Hasta don Beltrán de la Cueva, en el momento de elegir partido, eligió el de doña Isabel, la hermanastra, y no el de su presunta propia hija. Y es que parece que don Beltrán entraba de noche en la cámara regia, pero para acostarse no con la reina, sino con el rey.

No debería contarte tales aberraciones, pero la Historia está hecha por los hombres y para los hombres, y las camas importan, en consecuencia, más de lo que debieran. áNo sabía entonces hasta qué punto Benegas iba a manejar las camas luego, y hasta qué punto dependería el porvenir del Reino de las lujurias y las sensualidades.

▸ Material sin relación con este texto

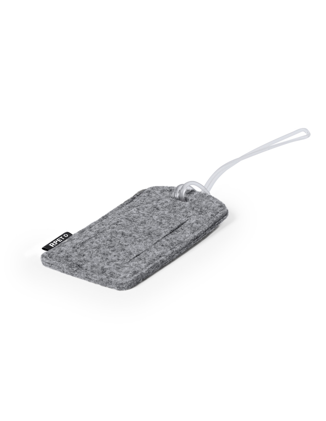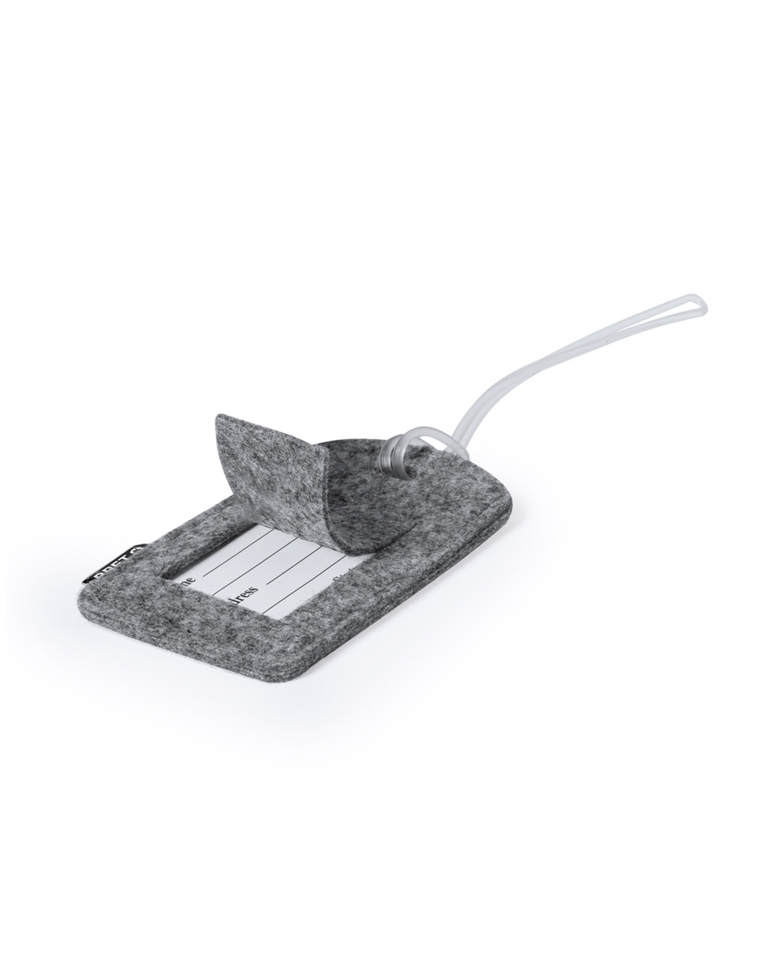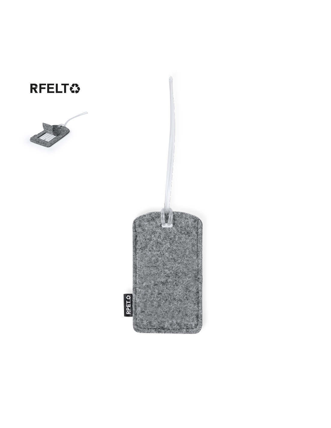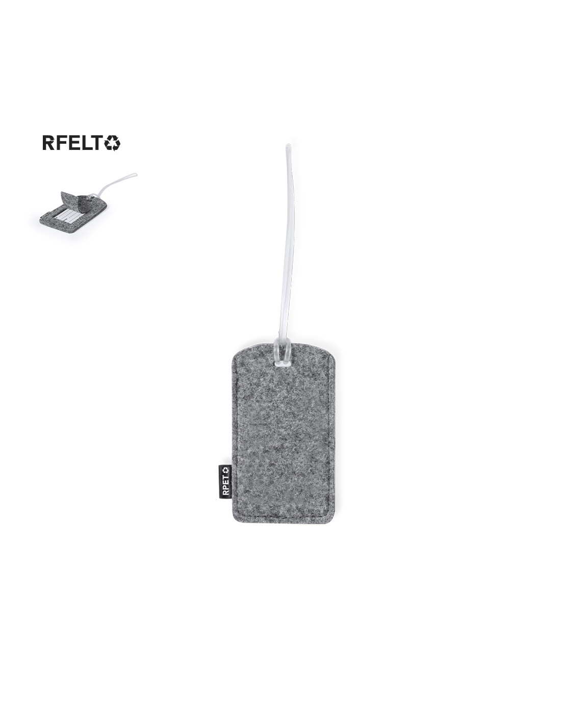 Identificador para maletas fabricado en fieltro RPET. Para amarrar a cualquier maleta gracias a su cinta flexible e indicar información básica, fabricado en fieltro RPET, con ventana y etiqueta distintiva de RPET.El fieltro RPET es fruto de la combinación del proceso de reciclaje de materiales plásticos junto con la técnica milenaria de fabricación del fieltro, dando como resultado un material de eco-tendencia que, además de ser de origen reciclado, también se convierte en reciclable.

Los ojos de Benegas continuaban mirando en el pasado, con la añoranza de una ocasión perdida.

—Por desgracia, la voluntad de Dios no quiso que el reto aquel entre don Alonso y don Diego se llevase a cabo. Habríamos salido del retador o del retado. O quizá de los dos. Yo lo había dispuesto todo con minuciosidad. En caso de duda, habría sido preferible salir de don Alonso; ya te digo que don Diego, el padre del retador, es afecto a nosotros. Nos lo suelen enviar como embajador, porque sabe nuestra lengua, y es el que firma las treguas en nombre de sus reyes.

Con esto entramos en el segundo punto, el que se refiere a la segunda arma de tu padre.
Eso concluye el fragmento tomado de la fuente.